TASK REQUIREMENTS: Every entry below, first to last, should be restated word for word.

Extracted data entries:
* * * * *

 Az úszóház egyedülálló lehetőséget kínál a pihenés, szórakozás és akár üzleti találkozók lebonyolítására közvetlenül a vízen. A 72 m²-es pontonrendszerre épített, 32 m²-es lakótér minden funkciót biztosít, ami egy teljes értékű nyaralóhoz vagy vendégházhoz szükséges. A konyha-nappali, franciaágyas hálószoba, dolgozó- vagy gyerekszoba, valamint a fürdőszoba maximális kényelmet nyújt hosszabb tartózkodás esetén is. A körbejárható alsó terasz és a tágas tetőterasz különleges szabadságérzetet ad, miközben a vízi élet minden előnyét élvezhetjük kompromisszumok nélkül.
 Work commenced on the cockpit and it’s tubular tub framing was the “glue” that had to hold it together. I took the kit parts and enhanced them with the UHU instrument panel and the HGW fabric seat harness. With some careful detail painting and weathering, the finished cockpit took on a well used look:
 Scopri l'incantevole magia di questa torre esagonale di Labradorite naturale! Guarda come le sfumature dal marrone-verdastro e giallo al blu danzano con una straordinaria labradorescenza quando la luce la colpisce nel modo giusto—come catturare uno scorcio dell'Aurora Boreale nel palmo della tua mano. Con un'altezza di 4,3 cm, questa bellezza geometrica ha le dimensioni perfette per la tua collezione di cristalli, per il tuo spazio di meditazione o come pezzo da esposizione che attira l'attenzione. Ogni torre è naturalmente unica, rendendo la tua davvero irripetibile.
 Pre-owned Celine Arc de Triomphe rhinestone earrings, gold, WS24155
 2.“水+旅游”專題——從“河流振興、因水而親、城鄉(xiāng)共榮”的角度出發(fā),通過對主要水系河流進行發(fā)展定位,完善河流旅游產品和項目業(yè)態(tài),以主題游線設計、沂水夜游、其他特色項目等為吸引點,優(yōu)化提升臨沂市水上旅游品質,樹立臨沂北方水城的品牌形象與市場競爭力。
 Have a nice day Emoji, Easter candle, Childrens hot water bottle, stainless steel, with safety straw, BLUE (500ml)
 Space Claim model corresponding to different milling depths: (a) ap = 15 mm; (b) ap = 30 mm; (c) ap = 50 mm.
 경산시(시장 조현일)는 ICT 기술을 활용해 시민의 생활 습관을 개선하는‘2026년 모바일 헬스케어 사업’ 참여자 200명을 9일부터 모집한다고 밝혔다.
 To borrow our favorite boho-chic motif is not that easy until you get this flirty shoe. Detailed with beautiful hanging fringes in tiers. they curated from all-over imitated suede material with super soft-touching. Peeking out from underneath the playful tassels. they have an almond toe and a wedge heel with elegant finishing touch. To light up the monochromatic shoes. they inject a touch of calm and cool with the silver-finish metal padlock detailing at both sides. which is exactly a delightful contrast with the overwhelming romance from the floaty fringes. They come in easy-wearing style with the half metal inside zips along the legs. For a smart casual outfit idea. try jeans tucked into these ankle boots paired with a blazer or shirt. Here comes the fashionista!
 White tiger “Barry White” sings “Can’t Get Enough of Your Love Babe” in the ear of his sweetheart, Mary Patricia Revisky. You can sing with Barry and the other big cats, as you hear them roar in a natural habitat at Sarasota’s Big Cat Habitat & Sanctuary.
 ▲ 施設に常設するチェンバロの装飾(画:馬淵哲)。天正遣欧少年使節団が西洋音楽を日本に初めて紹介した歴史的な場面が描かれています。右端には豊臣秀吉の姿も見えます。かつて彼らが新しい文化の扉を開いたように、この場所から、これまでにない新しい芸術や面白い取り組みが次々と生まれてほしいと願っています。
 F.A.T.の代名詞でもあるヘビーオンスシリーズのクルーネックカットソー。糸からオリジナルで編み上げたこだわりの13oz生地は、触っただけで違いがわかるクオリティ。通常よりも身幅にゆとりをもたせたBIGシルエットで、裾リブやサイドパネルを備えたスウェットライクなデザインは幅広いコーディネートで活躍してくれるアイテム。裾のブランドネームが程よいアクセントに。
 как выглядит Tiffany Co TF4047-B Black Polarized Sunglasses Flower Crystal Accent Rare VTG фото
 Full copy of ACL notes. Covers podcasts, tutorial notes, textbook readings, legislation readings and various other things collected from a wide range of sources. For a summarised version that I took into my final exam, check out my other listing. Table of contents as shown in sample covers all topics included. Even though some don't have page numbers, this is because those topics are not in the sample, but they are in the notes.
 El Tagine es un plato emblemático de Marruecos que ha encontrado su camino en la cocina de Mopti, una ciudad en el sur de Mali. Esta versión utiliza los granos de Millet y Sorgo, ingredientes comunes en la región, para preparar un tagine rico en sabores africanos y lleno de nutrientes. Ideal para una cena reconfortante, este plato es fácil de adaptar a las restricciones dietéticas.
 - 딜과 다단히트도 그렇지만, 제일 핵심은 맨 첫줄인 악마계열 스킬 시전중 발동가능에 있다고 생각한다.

* * * * *

RESPONSE FOR THIS EXERCISE:
 Az úszóház egyedülálló lehetőséget kínál a pihenés, szórakozás és akár üzleti találkozók lebonyolítására közvetlenül a vízen. A 72 m²-es pontonrendszerre épített, 32 m²-es lakótér minden funkciót biztosít, ami egy teljes értékű nyaralóhoz vagy vendégházhoz szükséges. A konyha-nappali, franciaágyas hálószoba, dolgozó- vagy gyerekszoba, valamint a fürdőszoba maximális kényelmet nyújt hosszabb tartózkodás esetén is. A körbejárható alsó terasz és a tágas tetőterasz különleges szabadságérzetet ad, miközben a vízi élet minden előnyét élvezhetjük kompromisszumok nélkül.
 Work commenced on the cockpit and it’s tubular tub framing was the “glue” that had to hold it together. I took the kit parts and enhanced them with the UHU instrument panel and the HGW fabric seat harness. With some careful detail painting and weathering, the finished cockpit took on a well used look:
 Scopri l'incantevole magia di questa torre esagonale di Labradorite naturale! Guarda come le sfumature dal marrone-verdastro e giallo al blu danzano con una straordinaria labradorescenza quando la luce la colpisce nel modo giusto—come catturare uno scorcio dell'Aurora Boreale nel palmo della tua mano. Con un'altezza di 4,3 cm, questa bellezza geometrica ha le dimensioni perfette per la tua collezione di cristalli, per il tuo spazio di meditazione o come pezzo da esposizione che attira l'attenzione. Ogni torre è naturalmente unica, rendendo la tua davvero irripetibile.
 Pre-owned Celine Arc de Triomphe rhinestone earrings, gold, WS24155
 2.“水+旅游”專題——從“河流振興、因水而親、城鄉(xiāng)共榮”的角度出發(fā),通過對主要水系河流進行發(fā)展定位,完善河流旅游產品和項目業(yè)態(tài),以主題游線設計、沂水夜游、其他特色項目等為吸引點,優(yōu)化提升臨沂市水上旅游品質,樹立臨沂北方水城的品牌形象與市場競爭力。
 Have a nice day Emoji, Easter candle, Childrens hot water bottle, stainless steel, with safety straw, BLUE (500ml)
 Space Claim model corresponding to different milling depths: (a) ap = 15 mm; (b) ap = 30 mm; (c) ap = 50 mm.
 경산시(시장 조현일)는 ICT 기술을 활용해 시민의 생활 습관을 개선하는‘2026년 모바일 헬스케어 사업’ 참여자 200명을 9일부터 모집한다고 밝혔다.
 To borrow our favorite boho-chic motif is not that easy until you get this flirty shoe. Detailed with beautiful hanging fringes in tiers. they curated from all-over imitated suede material with super soft-touching. Peeking out from underneath the playful tassels. they have an almond toe and a wedge heel with elegant finishing touch. To light up the monochromatic shoes. they inject a touch of calm and cool with the silver-finish metal padlock detailing at both sides. which is exactly a delightful contrast with the overwhelming romance from the floaty fringes. They come in easy-wearing style with the half metal inside zips along the legs. For a smart casual outfit idea. try jeans tucked into these ankle boots paired with a blazer or shirt. Here comes the fashionista!
 White tiger “Barry White” sings “Can’t Get Enough of Your Love Babe” in the ear of his sweetheart, Mary Patricia Revisky. You can sing with Barry and the other big cats, as you hear them roar in a natural habitat at Sarasota’s Big Cat Habitat & Sanctuary.
 ▲ 施設に常設するチェンバロの装飾(画:馬淵哲)。天正遣欧少年使節団が西洋音楽を日本に初めて紹介した歴史的な場面が描かれています。右端には豊臣秀吉の姿も見えます。かつて彼らが新しい文化の扉を開いたように、この場所から、これまでにない新しい芸術や面白い取り組みが次々と生まれてほしいと願っています。
 F.A.T.の代名詞でもあるヘビーオンスシリーズのクルーネックカットソー。糸からオリジナルで編み上げたこだわりの13oz生地は、触っただけで違いがわかるクオリティ。通常よりも身幅にゆとりをもたせたBIGシルエットで、裾リブやサイドパネルを備えたスウェットライクなデザインは幅広いコーディネートで活躍してくれるアイテム。裾のブランドネームが程よいアクセントに。
 как выглядит Tiffany Co TF4047-B Black Polarized Sunglasses Flower Crystal Accent Rare VTG фото
 Full copy of ACL notes. Covers podcasts, tutorial notes, textbook readings, legislation readings and various other things collected from a wide range of sources. For a summarised version that I took into my final exam, check out my other listing. Table of contents as shown in sample covers all topics included. Even though some don't have page numbers, this is because those topics are not in the sample, but they are in the notes.
 El Tagine es un plato emblemático de Marruecos que ha encontrado su camino en la cocina de Mopti, una ciudad en el sur de Mali. Esta versión utiliza los granos de Millet y Sorgo, ingredientes comunes en la región, para preparar un tagine rico en sabores africanos y lleno de nutrientes. Ideal para una cena reconfortante, este plato es fácil de adaptar a las restricciones dietéticas.
 - 딜과 다단히트도 그렇지만, 제일 핵심은 맨 첫줄인 악마계열 스킬 시전중 발동가능에 있다고 생각한다.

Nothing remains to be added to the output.